ViExam: Are Vision Language Models Better than Humans on Vietnamese Multimodal Exam Questions?

作者: Vy Tuong Dang, An Vo, Quang Tau, Duc Dm, Daeyoung Kim

分类: cs.CL, cs.LG

发布日期: 2025-08-19

💡 一句话要点

提出ViExam基准以评估视觉语言模型在越南多模态考试中的表现

🎯 匹配领域: 支柱九：具身大模型 (Embodied Foundation Models)

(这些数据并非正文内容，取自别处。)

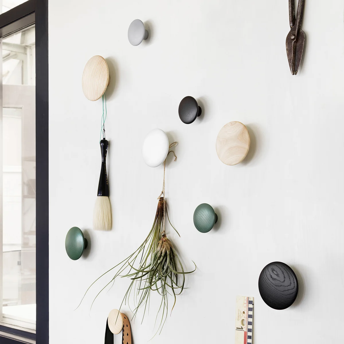 Die weich abgerundeten Holzobjekte werden mit dem runden Hals direkt an der Wand platziert, ein Herunterrutschen vom Knopf ist aufgrund des breiten Kopfs ausgeschlossen. Somit garantieren die Dots von Muuto, jederzeit sicheren und stilvollen Halt für ihre Kleidung, Taschen und Accessoires.
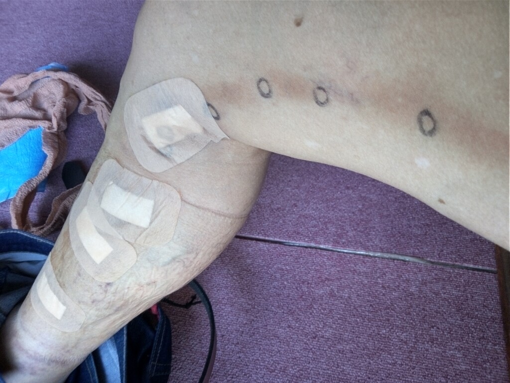 静脈の中に接着剤をコーキングみたいにして塞ぐやり方 足は穴だらけw

关键词: 视觉语言模型 多模态学习 越南语 教育评估 跨语言推理 基准测试 人工智能

📋 核心要点

现有的视觉语言模型在处理低资源语言的多模态教育内容时表现不足，尤其是在越南语环境中。
本研究提出了ViExam基准，通过2548个多模态问题评估VLMs在越南教育评估中的能力。
实验结果显示，最先进的VLMs表现低于人类考生，只有少数模型在特定条件下有所提升。

📝 摘要（中文）

视觉语言模型（VLMs）在英语多模态任务中表现出色，但在低资源语言的多模态教育内容上的表现尚未得到充分探索。本研究测试了VLMs在越南教育评估中的表现，探讨了以英语数据为主训练的VLMs是否能够处理真实的跨语言多模态推理。我们提出了ViExam基准，包含2548个多模态问题，首次全面评估VLM在越南多模态考试中的能力。结果显示，最先进的VLMs平均准确率仅为57.74%，而开源模型为27.70%，大多数VLMs的表现低于平均人类考生（66.54%），仅有思维VLM o3（74.07%）超过人类平均表现，但仍远低于人类最佳表现（99.60%）。

🔬 方法详解

问题定义：本论文旨在解决视觉语言模型在越南多模态教育评估中的表现不足问题。现有方法主要集中在英语任务上，缺乏对低资源语言的有效评估。

核心思路：通过构建ViExam基准，论文评估了VLMs在越南语多模态考试中的能力，探索其跨语言推理的有效性。

技术框架：ViExam基准包含2548个多模态问题，覆盖数学、物理、化学等七个学科。模型在这些问题上进行评估，比较其表现与人类考生的差异。

关键创新：本研究首次系统性地评估了VLMs在越南多模态考试中的表现，揭示了其在低资源语言环境下的局限性。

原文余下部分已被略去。